A Venezia il regista Stefano Sollima presenta in concorso l’ultimo capitolo di una trilogia sulla Roma criminale iniziata con la serie di Romanzo Criminale. Un gangster movie decadente, quasi crepuscolare.
La fine di un mondo criminale e il tramonto di tre vecchi gangster in una Roma sempre più schiacciata dal caos, soffocata dal caldo, corrotta, confusa e sommersa dalla ceneri di un incendio perenne. Con Adagio in concorso alla Mostra d’Arte Cinematografica di Venezia, Stefano Sollima conclude la sua trilogia sulla Roma criminale iniziata con Romanzo criminale nel lontano 2008, un film decadente, un commiato per chiudere un cerchio, e in un certo senso anche una riconciliazione. “Alcuni degli elementi drammaturgici e visivi del film come gli incendi e i blackout continui potrebbero sembrare distopici, ma vivendo a Roma non lo sono affatto. Dietro Adagio c’è un atto di amore verso una città che mi era mancata, volevo tornare a raccontarla e come sempre l’ho trasfigurata. Mentre scrivevamo ci sono stati diversi incendi e blackout, sono successi davvero”, racconta il regista. La storia questa volta è quella di Manuel (Gianmarco Franchini), un ragazzo di sedici anni che finisce a una festa per scattare delle foto da consegnare in cambio di soldi a dei carabinieri (Francesco Di Leva e Lorenzo Adorni) guidati da Vasco (Adriano Giannini). Sentendosi raggirato decide di scappare ma si ritrova inseguito dai ricattatori che si riveleranno estremamente pericolosi e determinati a eliminare uno scomodo testimone. A quel punto Manuel si vedrà costretto a chiedere la protezione a due ex-criminali, Cammello (Pierfrancesco Favino) e Polniuman (Valerio Mastandrea) vecchie conoscenze del padre, Daytona (Toni Servillo), un anziano smemorato (o almeno così pare).

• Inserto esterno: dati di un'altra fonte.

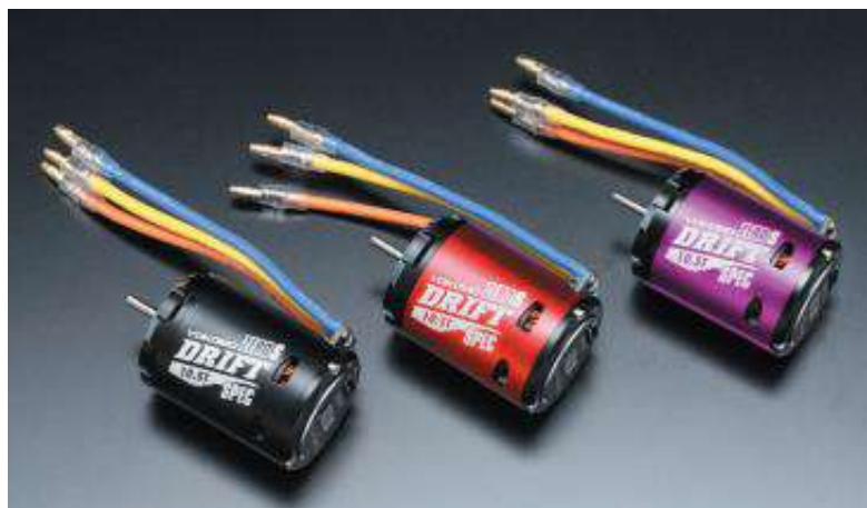
Brushless Motor ZERO-S Drift Series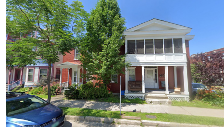
15. Triplex 153 S Union St.

“Daytona fa una recita nella recita – spiega Servillo, alla sua prima volta sul set con Sollima insieme a Mastandrea e alle prese con il romanesco- Sono personaggi criminali che hanno vissuto entro certe regole che intendono rispettare fino alla fine sapendo di andare a sbattere contro un destino inevitabile. Daytona non viene mai meno alla voglia di giocarsela”. Torna invece il sodalizio con Favino, che qui interpreta Cammello: “Lavorare con Stefano è sempre un bel gioco di invenzione, essere nei suoi film vuol dire occupare lo spazio con il corpo in maniera diversa e poter giocare con le inquadrature. L’idea era quella di costruire un personaggio quasi grafico, frutto di certi fumetti degli anni ‘70. – racconta l’attore – Cammello è come quei cani randagi nella polvere abbandonati in un angolo dove vanno a morire in solitudine, quando improvvisamente bussa inattesa alla porta una guerra antica che ti fa risentire quasi l’energia giovanile di quell’adrenalina, il richiamo di un mondo per me negativo, ma che per chi ne fa parte vuol dire valere ancora qualcosa”. E non ha dubbi nel definire Sollima “un regista punk”, perché nei suoi film “non esiste un Dio, non c’è redenzione”.
Un sottobosco di ex membri della Banda della Magliana, che però non ha nessun legame con la serie Romanzo criminale: “Lì raccontavo la nascita di una banda, qui la decadenza del crimine, di tre vecchie leggende che vivono ai margini. L’appartenenza alla banda è l’unico elemento di unione, ma serve solo per dare ai personaggi una passato mitologico, quindi per una funzione esclusivamente narrativa. È un film quasi sentimentale, intimo”, conclude il regista.